Note: In GitHub, deploy keys can be associated with only one repo. If you need to use the same key for multiple repositories, use a machine user.

To test things locally, you may create a config.json file (ignored by Git) that contains the private SSH key to use (note the \n for carriage returns):

{
  "KEY_MAIN": "-----BEGIN RSA PRIVATE KEY-----\n[...]\n-----END RSA PRIVATE KEY-----"
}

Hook secret

It is also good practice to make sure that only GitHub sends hooks requests to your Hook Machine. To do that:

  1. use HTTPS (Heroku exposes a free SSL endpoint for instance)
  2. set the HOOK_SECRET setting to some secret of your own
  3. set the WebHook URL on GitHub to [DEPLOY_MACHINE]/github/callback?secret=[HOOK_SECRET].

Other configuration settings

Git user

Git pull/push commands will be done on behalf of someone. That someone is defined by the GIT_USERNAME and GIT_USEREMAIL configuration settings.
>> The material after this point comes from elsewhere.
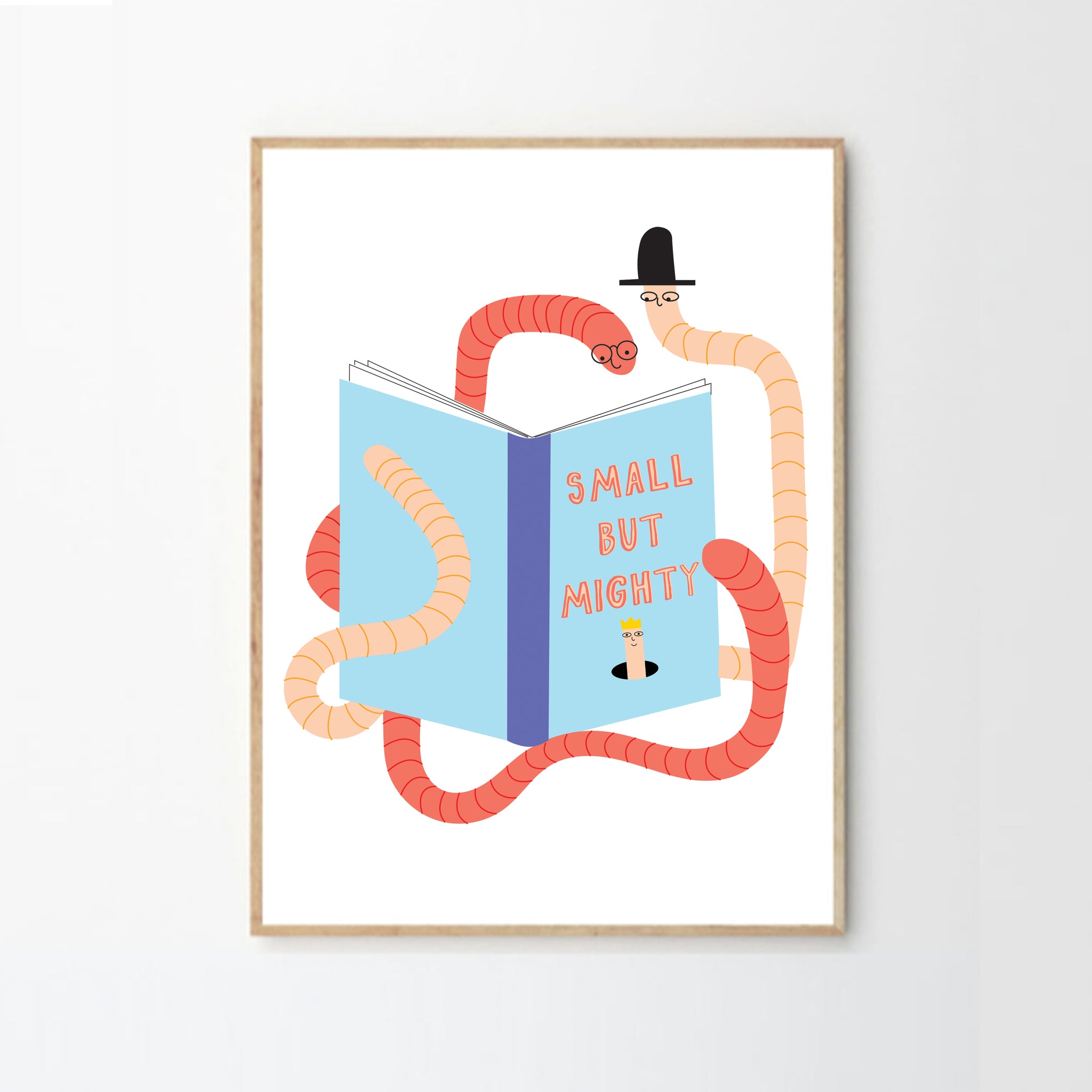Worms may be small in size, but they have a mighty impact! This charming illustrated print, featuring a few adorable book-loving worms, would look lovely in any child’s room.

Default values are Hook Machine and [email protected].

HTTP port

The HTTP port that the Web server listens to is defined by the PORT variable. Note that the Hook Machine will use the value of the PORT environment variable (as opposed to that of the HOOKMACHINE_PORT environment variable) and is thus compatible with Heroku.

Periodic interval

The PERIODIC_INTERVAL configuration setting sets the interval between two runs of the periodic loop, in seconds. It is set to 1200 by default, meaning the periodic loop is run once every 20 minutes.

Data folder

The DATA_FOLDER configuration setting sets the folder used to store cloned repositories and messages of the file queue. The machine stores things in the data folder by default.

Log settings

The Hook Machine uses Woodman to trace execution. Things get reported to the console by default. Set the WOODMAN configuration setting to a valid Woodman configuration object to adjust logs to your liking.

Development

Architecture

The Hook Machine is composed of:

  • a Web server that listens to incoming POST requests from GitHub. Internally, the code uses the node-github-hook module under an MIT license.
  • a daemon that runs scripts periodically (once every 20 minutes by default), using a simple setInterval loop.
  • a simple task queue that processes tasks one after the other. The task queue uses the file system to manage tasks and a simple in-memory mutex to prevent concurrency issues.

The data folder

The Hook Machine uses the file system to store things, in the data folder by default. After a few runs, this data folder should contain:

  • a deploykeys folder that contains the private SSH keys defined in the configuration and stored as files with the appropriate permissions
  • a repositories folder that contains clones of the repositories that had to be cloned
  • a tasks folder that contains the tasks that are either pending, running or processed by the server.

Dependencies

As many other projects, the Hook Machine depends on a few external libraries, listed in package.json and installed with a call to npm install. Perhaps more surprisingly, note that npm is actually explicitly listed as a dependency. Do not remove it, that's on purpose!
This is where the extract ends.